Из растворенных окон келарни слышались голоса: то московский посол комаровских белиц петь обучал. Завернула в келарню Манефа послушать их.
Глава тринадцатая
Василий Борисыч в Манефиной обители как сыр в масле катался. Умильный голосистый певун всем по нраву пришелся, всем угодить успел.

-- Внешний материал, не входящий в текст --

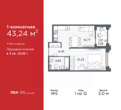 Продается 1-комн. квартира в Клубный квартал "Ассамблея" на 1 этаже. Квартира без отделки, полностью готова к ремонту. Общая площадь: 43.24 кв.м., жилая: 15.23 кв.м., площадь просторной кухни-столовой: 16.77 кв.м. Все окна выходят на одну сторону. В квартире одна лоджия, один совмещенный санузел. Высота потолков 3.0 м.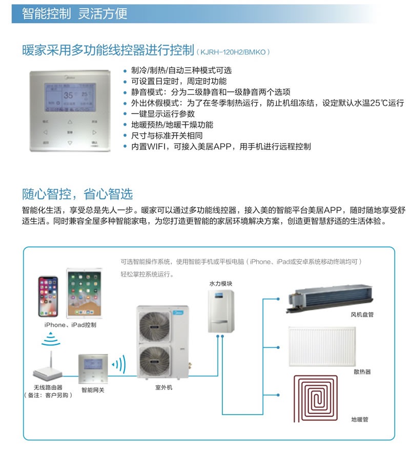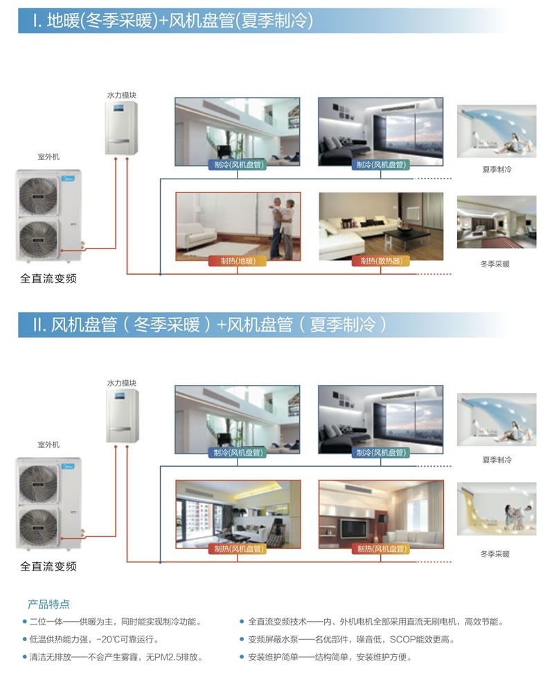 隨著生活水平的提高,人們對室內環境的要求不斷提升。傳統的氟系統空調在冬天送風供暖舒適度不理想,采用其它的采暖設備,又會增加空調系統的復雜性與成本。美的暖家空氣源熱泵兩聯供機組可以解決這個痛點,一套系統可以輕松實現智能制冷與舒適供暖。

С матерью Манефой и с соборными старицами чуть не каждый день по нескольку часов беседовал он от писания или рассказывал про Белую Криницу, куда ездил в лучшую пору ее, при первом митрополите Амвросии. С матерью Аркадией водил длинные разговоры про уставную службу на Рогожском кладбище и рассказывал ей, как справляется чин архиерейского служенья митрополитом. Мать Назарету утешал разговорами о племяннице ее Домнушке и о порядках, какие заведены в Антоновской палате, где она при старухах в читалках живет. С Таифой беседовал о хозяйственных распорядках; оказалось, что Василий Борисыч и по хозяйству был сведущ. Мать казначея наговориться не могла с таким хорошим гостем… А больше всего дружил он с матушкой Виринеей, выучил ее, как свежие кочни капусты сберегать на зиму, как рябину в меду варить, как огурцы солить, чтоб вплоть до весны оставались зелеными. Раз до того заговорился с ней гораздый на все Василий Борисыч, что даже стал поучать матушку-келаря, как ветчину коптить. Мать Виринея плюнула на такие слова, обозвала московского посланника оболтусом и шибко на него прикрикнула: «Вздурился, что ль, батька? Разве в обители жрут скоромятину?» Это не помешало, однако, добрым отношениям Василия Борисыча к добродушной Виринее: возлюбила она его, как сына, не нарадуется, бывало, как завернет он к ней в келарню о разных разностях побеседовать… Про белиц и поминать нечего — души не чаяли они в Василье Борисыче, все до единой от речей и от песен его были без ума, и одна перед другой старались угодить, чем только могли, залетному соловью… Сам Василий Борисыч из девиц больше с певчими водился. Они и в разговорах поумней других были, и собой пригожее, и руки у них были не мозолистые, не закорузлые, как у рабочих белиц, а нежные, пышные, мягкие. Это с первых же дней скитского житья-бытья спознал Василий Борисыч. А пуще всего заглядывался он на смуглую, румяную, чернобровую Устинью Московку. Еще в Москве видал он ее у знакомых, где Устинья два лета жила в канонницах, «негасимую свечу» стояла… Там еще, где-то на Солодовке, с Устиньей он шашни завел, да не успел до конца добиться — дочитала она свечу и уехала в леса за Волгу…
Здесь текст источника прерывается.